Christina Lindberg (born 4 November 1968), is a Swedish country and dansband singer.

Christina has sung together with the "dansband" Lasse Stefanz and is probably most known for the song "De sista ljuva åren", which was a Svensktoppen hit from February 1989 and the upcoming 65 weeks, until September 1990.

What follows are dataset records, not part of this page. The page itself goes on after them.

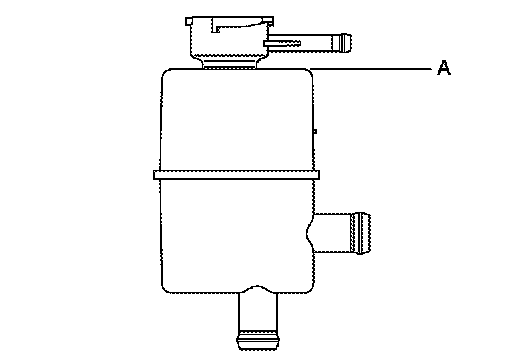 6.When the degas tank level is low, open the degas tank cap and refill the tank with water to line (A).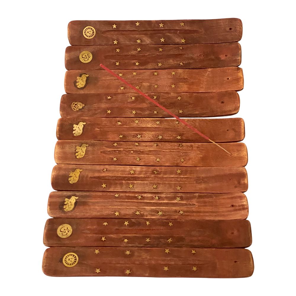 Wooden Incense Holder with Assorted Golden Designs, 25cm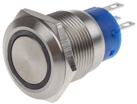 Single Pole Double Throw (SPDT) Latching Push Button Switch, IP67, 19.2 (Dia.)mm, Panel Mount, 250V ac; 111-3881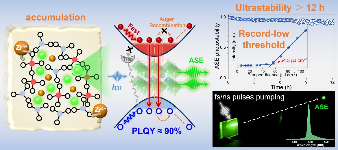 鉴于此,荣耀体育(中国)陈大钦教授课题组基于ZrO2添加剂缩聚玻璃网络结构,抑制量子点在玻璃中不可控自析晶,促进高质量、致密均匀的原位析晶。团队进一步利用飞秒瞬态吸收光谱深入揭示了该策略有效减少缺陷态、抑制俄歇复合、加快热载流子弛豫,从而促进粒子数反转产生光放大。最终,在飞秒激光泵浦下实现了具有创纪录低阈值(54.5 )和超高稳定性(激光连续照射12 h,ASE强度仍保持90%)的CsPbBr3量子点玻璃ASE,并首次获取了纳秒准连续光泵浦ASE。该工作为实现高性能钙钛矿量子点玻璃激光奠定了基础。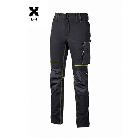 Pantalón en tejido U-4 (U-Power 4 vías stretch), muy cómodo y resistente, suave para la piel, repelente al agua, muy transpirable y secado muy rápido. Equipado con dos grandes bolsillos delanteros, cintura elástica con un innovador sistema de ajuste retráctil. Rejilla trasera acentuada para una mayor protección de la parte lumbar, perfiles en reflectante delanteros y traseros y cinta roja / reflectante en el cinturón tubular trasero. Bolsillo lateral para herramientas, bolsillo lateral multifuncional con porta tarjeta ocultable, dos bolsillos traseros, uno con solapa y otro con cierre de seguridad con velcro, dos bolsillos con entrada porta rodilleras, todo en un resistente Polyoxford 600D. Dos bolsillos cerrados con cremallera corespondientes al bolsillo lateral y al bolsillo delantero derecho. Costuras triples. Cierre central con cremallera YKK y botón antiarañazos, Slim Fit.

==Christina Lindbergs orkester==

Lindberg also had her own dansband called Christina Lindbergs orkester. The Helsingborg-based orchestra was formed in 1990 and continued until 1995. Besides backing up Lindberg, the band had several hits on the Swedish charts in their own right besides the solo hits of Christina Lindberg and toured in the Scandinavian countries and participating in radio and television.

Members were:
- Christina Lindberg - vocals
- Calle Stenson - guitar, saxophone
- Tommy Källqvist - guitar, vocals
- Roger Olsson - keyboards, accordion, vocals
- Pär Hogland - bass
- Niclas Lindström - drums

After Lindberg decided to put her musical career on hold, mainly due to her pregnancy, the band was rebranded and renamed Stensons named after the guitarist / saxophonist Calle Stenson, and continued as an all-male dansband under the new name.

==Discography==

===Albums===
Solo

| Year | Album | Peak positions | Certification |
SWE
| 1985 | Christina Lindberg | – |  |
| 1986 | Nya starka vindar | – |  |
| 1997 | Hemma igen | 28 |  |
| 2015 | Back to the Roots | 39 |  |
| 2018 | Ge dig själv en chans | 33 |  |

as part of Christina Lindbergs orkester
- 1991: Vid flodens strand
- 1992: Gyllene år
- 1993: Vind och vågor
- 1995: På begäran
- 1995: Dig ska jag älska

===Singles===
- Solo
- 1982: "Blue Eyes Don't Make an Angel"
- 1983: "Den stora sanna kärleken" (Hasse Kvinnaböske)
- 1986: "Karneval" and "Kom snart tillbaka"
- 1987: "Night by night" (Ob Jonsson)
- 1988: "De sista ljuva åren" (duet with Lasse Stefanz)
- 1990: "Dit vägarna bär"
- 1990: "Vid flodens strand"
- 1990: "Karneval" (Nöjespatrullen)
- 1991: "Om du vet"
- 1993: "Vind och vågor" (CD single with three songs)
- 1994: "Sången till livet"

- as part of Christina Lindbergs orkester
- 1990: "En dag i veckan (One Night a Week Lovers)"
- 1991: "Om du vet" / Du får tro vad du vill (Don't Tell Me what to Do)"
- 1991: "Om du vet" / Du får tro vad du vill (Don't Tell Me what to Do)" / "Skogvaktarens Lisa"
- 1992: "Gyllene år" / "I skymningen (Banks of the Ohio)" / "Sommarkänslor"
- 1993: "Vind och vågor" / "Ta och ändra dej (You Gotta Get Serious)" / "En sorgsen sång (A Sad, Sad Song)"
- 1994: "Sången till livet" / "Lika blå som då (Sweet Sixteen)"

==Svensktoppen songs==
- 1985: "Kom snart tillbaka"
- 1989: "De sista ljuva åren" (duet with Lasse Stefanz)
- 1991: "Vid flodens strand"
- 1992: "Cheerio"
- 1992: "Gyllene år"
- 1993: "Billie Joe"
- 1993: "Vind och Vågor"
- 1993: "Ett litet hus intill vägen"
- 1994: "Under eken"
- 1994: "Sången till livet"
- 1995: "Ett liv med dig" (duet with Fernandoz)
- 1997: Det är för dig mitt hjärta slår"
- 1997: Sång för vind och regn"
- 1997: En ängel följer i ditt spår"
- 1999: "Över en kopp i vår berså" (duet with Lasse Stefanz)
- 2001: "De' e' vanliga mänskor" (duet with Rankarna)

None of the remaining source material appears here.